Pola-Pola Fungsi Kesehatan
1. Pola Persepsi
dan Tata Laksana Hidup Sehat
Pada kasus fraktur akan timbul ketidakutan akan
terjadinya kecacatan pada dirinya dan harus menjalani penatalaksanaan kesehatan
untuk membantu penyembuhan tulangnya. Selain itu, pengkajian juga meliputi
kebiasaan hidup klien seperti penggunaan obat steroid yang dapat mengganggu
metabolisme kalsium, pengkonsumsian alkohol yang bisa mengganggu
keseimbangannya dan apakah klien melakukan olahraga atau tidak.(Ignatavicius,
Donna D,1995).
2. Pola Nutrisi
dan Metabolisme
Pada klien fraktur harus mengkonsumsi
nutrisi melebihi kebutuhan sehari-harinya seperti kalsium, zat besi, protein,
vit. C dan lainnya untuk membantu proses penyembuhan tulang. Evaluasi terhadap
pola nutrisi klien bisa membantu menentukan
penyebab masalah muskuloskeletal dan mengantisipasi komplikasi dari
nutrisi yang tidak adekuat terutama kalsium atau protein dan terpapar sinar
matahari yang kurang merupakan faktor predisposisi masalah muskuloskeletal
terutama pada lansia. Selain itu juga obesitas juga menghambat degenerasi dan
mobilitas klien.
3. Pola Eliminasi
Untuk kasus fraktur humerus tidak ada
gangguan pada pola eliminasi, tapi walaupun begitu perlu juga dikaji frekuensi,
konsistensi, warna serta bau feces pada pola eliminasi alvi. Sedangkan pada
pola eliminasi uri dikaji frekuensi, kepekatannya, warna, bau, dan jumlah. Pada
kedua pola ini juga dikaji ada kesulitan atau tidak. (Keliat, Budi Anna, 1991)

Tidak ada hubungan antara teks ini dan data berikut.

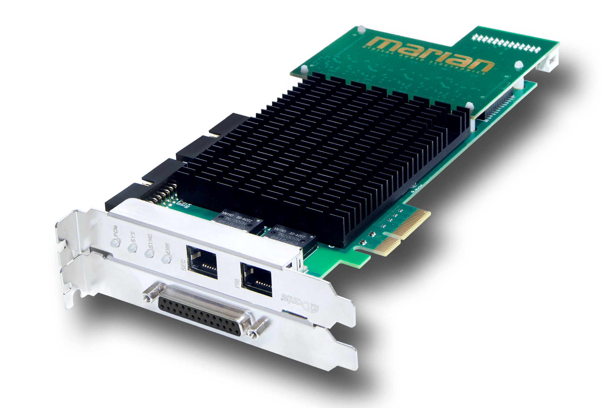 Die 4 zusätzlichen AES/EBU Anschlüsse bieten schnelle Signalkonvertierung zum Dante Netzwerk und stehen auch als separate Aufnahme/Wiedergabegeräte zur Verfügung. Sie sind als D-Sub Stecker ohne weitere aktive Elektronik ausgeführt. Somit kann dieser getrennt von der Hauptplatine frei im Computergehäuse platziert werden oder mit dem Slotblech einen beliebigen Platz neben anderen PCIe Komponenten einnehmen.

4. Pola Tidur dan Istirahat
Semua klien fraktur timbul rasa nyeri,
keterbatasan gerak, sehingga hal ini dapat mengganggu pola dan kebutuhan tidur
klien. Selain itu juga, pengkajian dilaksanakan pada lamanya tidur, suasana
lingkungan, kebiasaan tidur, dan kesulitan tidur serta penggunaan obat tidur
(Doengos. Marilynn E, 1999).
5. Pola Aktivitas
Karena timbulnya nyeri, keterbatasan gerak, maka semua bentuk kegiatan
klien menjadi berkurang dan kebutuhan klien perlu banyak dibantu oleh orang
lain. Hal lain yang perlu dikaji adalah bentuk aktivitas klien terutama
pekerjaan klien. Karena ada beberapa bentuk pekerjaan beresiko untuk terjadinya
fraktur dibanding pekerjaan yang lain (Ignatavicius, Donna D, 1995).

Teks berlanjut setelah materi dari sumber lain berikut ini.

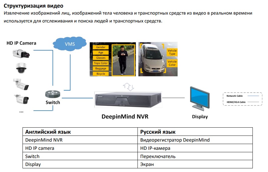 Аналитика структуризации Анализ структуризации видео в реальном времени: до 8 каналов, 2 Мп (HD IP-камера, до 8 Мп, H.264/H.265)

6. Pola Hubungan dan Peran
Klien akan kehilangan peran dalam
keluarga dan dalam masyarakat. Karena klien harus menjalani rawat
inap (Ignatavicius, Donna D, 1995).
7. Pola Persepsi dan Konsep Diri
Dampak yang timbul pada klien fraktur yaitu timbul ketidakutan akan
kecacatan akibat frakturnya, rasa cemas, rasa ketidakmampuan untuk melakukan
aktivitas secara optimal, dan pandangan terhadap dirinya yang salah (gangguan
body image). (Ignatavicius, Donna D, 2000).
8. Pola Sensori dan Kognitif
Pada klien fraktur daya rabanya berkurang terutama pada bagian distal
fraktur, sedang pada indera yang lain tidak timbul gangguan.begitu juga pada
kognitifnya tidak mengalami gangguan. Selain itu juga, timbul rasa nyeri akibat
fraktur. (Ignatavicius, Donna D, 1995).
9. Pola Reproduksi Seksual
Dampak pada klien fraktur yaitu, klien tidak bisa melakukan hubungan
seksual karena harus menjalani rawat inap dan keterbatasan gerak serta rasa
nyeri yang dialami klien. Selain itu juga, perlu dikaji status perkawinannya
termasuk jumlah anak, lama perkawinannya (Ignatavicius, Donna D, 2000).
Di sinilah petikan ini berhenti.